The first and foremost is the memory of “dead leaves pulled along by the wind in the heat of the day”. With this memory haunting him he finds himself in his ancestral town, Kasur. It should be taken as an imaginative journey in the past.

He yearningly remembers the day he dared to explore the mysteries of that deserted narrow lane, which appeared to be a maze. How thrilling it was to find himself at the end of the maze under the sway of a mixture of sounds — the cries of the hawkers, the urgings of the sherbet sellers, the booming of the ganderiwallas, the tingling bells of the bicycles. He is now in the bazaar. What a vivid description of the place.

“The acrid odor of tobacco and gur lying in open sacks was soon overtaken by the aroma of freshly roasted grams. The cloth shops with their bolts of shiny silks and cotton gave off a whiff of vetiver; a few yards away was the soothing breezy fragrance of sherbets, which again dissolved into the tangy spicy fumes of fried aubergines. And once you moved down the street away from the cloth shops, it was fenugreek, fenugreek all the way”.

And how vividly he recollects the family members settled in Kasur, his eldest sister “who felt that she had an inherent authority on me”, aunt Ruqaya, “who had a kindly face and sad eyes. She had been suffering from all kinds of ailments but she did not whim or groan like my other aunts who were eternally complaining of swollen abdomens and sharp pains in their backs or their necks,” and aunt Ruqaya’s husband “Mianjee, my tall turbaned uncle, [who] rarely spoke”.

But most vividly comes to him the amiable image of his father. “In the best years of his life — after he burnt his English clothes and joined the Khilafat movement — he wondered a great deal in and around what was then known as Poona, trying to acquire musical knowledge from the gurus that lived in Maharashtra”.

Deeply devoted to music he was the most happiest when Punjab University announced that music would be part of its curriculum. “If that was one of the happiest days of my father’s life, then the day the music department was closed soon after the establishment of Pakistan was one of the saddest”.

From Kasur to the England of the 1950s and from tall turbaned Mianjee to Dylan Thomas is a long way.
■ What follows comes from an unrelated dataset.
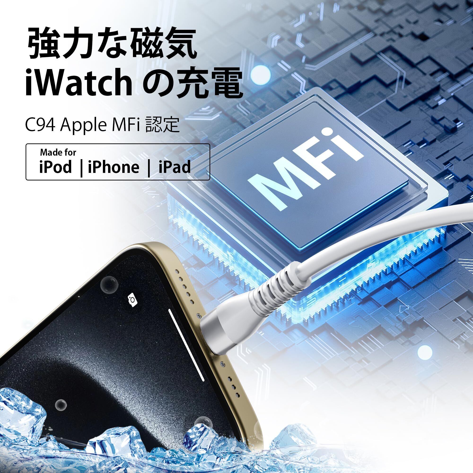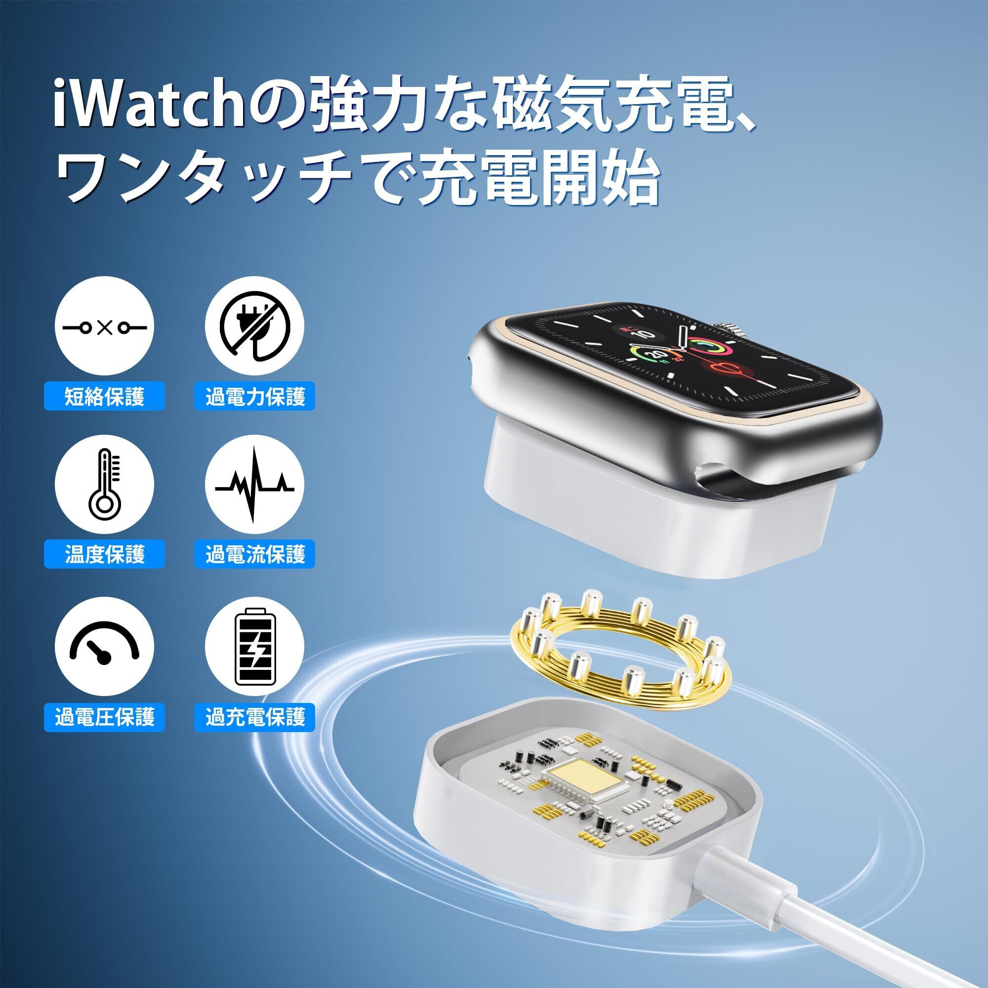 磁気 iWatch 充電コード & MFi 認定: コネクタをapplewatchの背面に近づけるだけで、自動的に所定の位置にカチッとはまり、時計を安定して充電できます。ウォッチ充電ケーブルは最新のウォッチワイヤレス充電チップを使用しており、過電流、過電圧、短絡、過熱保護などの保護機能が組み込まれており、Apple Watchを危害から保護します。 MFi 認定済み、エラー メッセージは表示されず、iOS との 100% の互換性を保証します。時計を単独で充電する場合は、最大出力20Wの充電器を使用することをお勧めします。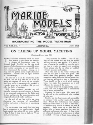 J ceteainindeed oe. — Vol. VIII, No. 5 Published on the Seventh of each Month August, 1935 ON TAKING UP MODEL YACHTING (Continued from page 83.) AVING tuned the yacht up for beat- gives trouble, the rudder gye should be resorted to. Performance on the gye depends on the correct strength of rubber being used, correct position of the attachment to hull and boom, and, finally, correct adjustment and H ing to windward under first suit, the first possible opportunity should be taken to balance her under second and third suits. These should be arranged so that the model sails with the same mast position and rake as under first suit. This is done by use. varying the size of jib and, to a lesser extent, by the distance to which the jib tack is hooked out. You are at liberty to place the yib tack as you wish, provided the limits of the first suit are not exceeded. Another point to be attended to is the beating gye. (Pace Mr. Stewart! We are using the official spelling of the M.Y.A. Rules.) Gyes are of two kinds—the ordinary rubber gye and the rudder gye. The former consists of a rubber spring with an adjustable cord tail. The latter is similar but has an extension cord to the rudder quadrant. In light winds, and provided the sail-plan has not too high an aspect ratio (proportion of height to breadth), the rudder gye is probably better as it is not so drastic in action. Boats with very high, narrow plans need a rudder gye, and in heavy boats and winds the rudder gye is more certain and positive in action. A good deal depends on the boat herself, but if the ordinary gye _ The leverage exerted by the gye depends firstly on the position of attachment to the hull. The further forward this is the more leverage is exerted up to a point, but on no account must this be forward of the axis of rotation of the hull. The best position is probably just aft of the C.L.R. The point of attachment to the boom should be as far aft as possible. Greater liberties can be taken in this respect with a rudder gye. One frequent source of trouble with a high, narrow sail is that the boom rises when the boat is on the gye, and in consequence the sail spills the wind and loses its power to bring the boat to the wind. The kicking strap will stop this and the point of attachment of the gye to the hull can possibly be brought more aft. Experiment is the only way to get the gye to function perfectly. Most yachts these days have a three-eyed jockey on their forward horse. Adjust the jib on the centre eye correctly for beating, then shift to what will w. ae PE INCORPORATING THE MODEL YACHTSMAN ek i MARINE MODELS eee ee 110 ©) Fe. er ae anak arian gee RD, pM fal temgf pm! 2 3 ited Br be the leeward eye on the off-shore tack. This will make the sheet a thought slacker on this tack and so help the boat to come up into the wind. On the inshore (or long) tack she will be a shade tighter, which will keep her going full-and-bye. In putting a boat off on the gye, see that the jib is full and the weight of the wind in the mainsail stretching the rubber of the gye. If it is not doing so, the tension is too tight or the rubber too strong. If a boat is turned off very square with a tight gye she will slam round violently. If the gye is inoperative through being too slack, the boat will simply sail off on the off-shore tack and refuse to come about. If the sail rises she may not only refuse to gye but even bolt right away from the wind. Occasionally one comes across boats that answer the gye all right up to the point when they come head to wind, but then hang in irons and hesitate unduly, sometimes even paying off on the original tack. Probably the gye is not quite strong enough and experiment should be made to rectify this fault. If all else fails, but only when all else has failed, recourse may be made to a Liverpool Boy. This is a very light rubber cord that hauls the jib aweather on one tack. It is put on the side opposite the beating gye. When you are not actually beating to windward but close reaching, the gye can be put on the lee side and will remain idle unless the boat is suddenly headed, when it is useful to make a short tack. It will also save the situation if the boat is accidentally put about on to the wrong tack. The set of the sails makes a lot of difference in windward work, so the novice should take pains to get his sails setting nicely. The forestay should be set up tight and the jib halliard sufficiently tight to keep the sail without sag. There is no need to set the halliard up unduly as, the sail being hanked to the stay, the latter takes the strain. The clew outhaul should be just tight enough to keep the corner of the jib to the jib club but not tight enough to strain the sail out of shape. Turning to the mainsail, the tack hook or lacing should be arranged to get the corner of the sail right into the angle formed by mast and boom so that the luff pulls straight. The lacing keeps the sail to mast and boom, so there is no need to set up halliards and clew outhaul unduly tight, but they should be tight enough to keep the sail in shape and close to the spars. No wrinkle should appear at the clew. _ If there is a “ cut” across the sail at any point it is a sign that the lacing (or wire jackstay, as the case may be) requires easing up at this point. If the yacht has wire jackstays up the mast or along the boom and you are having trouble in this respect, try substituting a cord lacing round the spar. When sails get wet, halliards and clew outhauls require easing up, and in any case this should always be done when you have | finished sailing, as it gives the sails a chance to recover their shape and keeps the fabric from losing its elasticity. For the benefit of the novice it may be mentioned that the forward side of the sail is the “* luff,” the after side the “* leach,” and the bottom the “ foot.” The front bottom corner is the “tack,” the after corner the clew,” and the upper ccrner the “ head.

But the young Kasurian is seen moving with ease and confidence amid the crowd of London and BBC. You can recognise many famous poets, dramatists, theater actors, film directors, such as Dylan Thomas, Louis Macneice, Tennessee Williams, E.M. Foster. And Zia Mohyeddin is seen rubbing shoulders with them. “Tennesee Williams came into my dressing room offering a limp hand… He did not talk much except to say that Foster was lucky to have found me”.

And, lo, he meets the legendary Leila Matkar. “Her long hair that reached well below her waist, her Mogul miniature eyes, and her perfectly sculpted nose had made her into the darling of portrait painters. David Lean, the great movie director, must have been taken in by this quintessence of oriental beauty”.

In this book we come across two finely written portraits, one of Zia’s father Khadim Mohyeddin, and the other of Leila Matkar. But he is careful to tell us that he always stood at a respectable distance from the magical Leila, who with her chaste Urdu had come from Hyderabad.

After drinking deep in the rich Western tradition of arts and literature Zia comes back to his land and is aghast to see that “the performing arts were confined to horse and cattle show and fine arts to calligraphy — at an official level, that is”. He adds that almost a quarter of a century ago, dance had been declared a “Hindu thing”.

Zia had returned to his land after spending time in the free world and moving among the enlightened brains of that world. Armed with a new understanding he was finding it hard to reconcile with those appearing to him as frogs in a well. In fact, he detected something wrong in our national thinking, particularly with reference to culture, arts, and literature. “Seminars on culture,” he says, are fussy, time wasting procedures. “We shall not resolve anything unless we understand that what constitutes our ‘culture’ includes a relish of pursuits that become forbidden from time to time”.

However, he has a prescription for our ailment: “What we need are a few courageous eccentrics amidst us. Eccentrics are non- conformists and are vital for the health of a society”.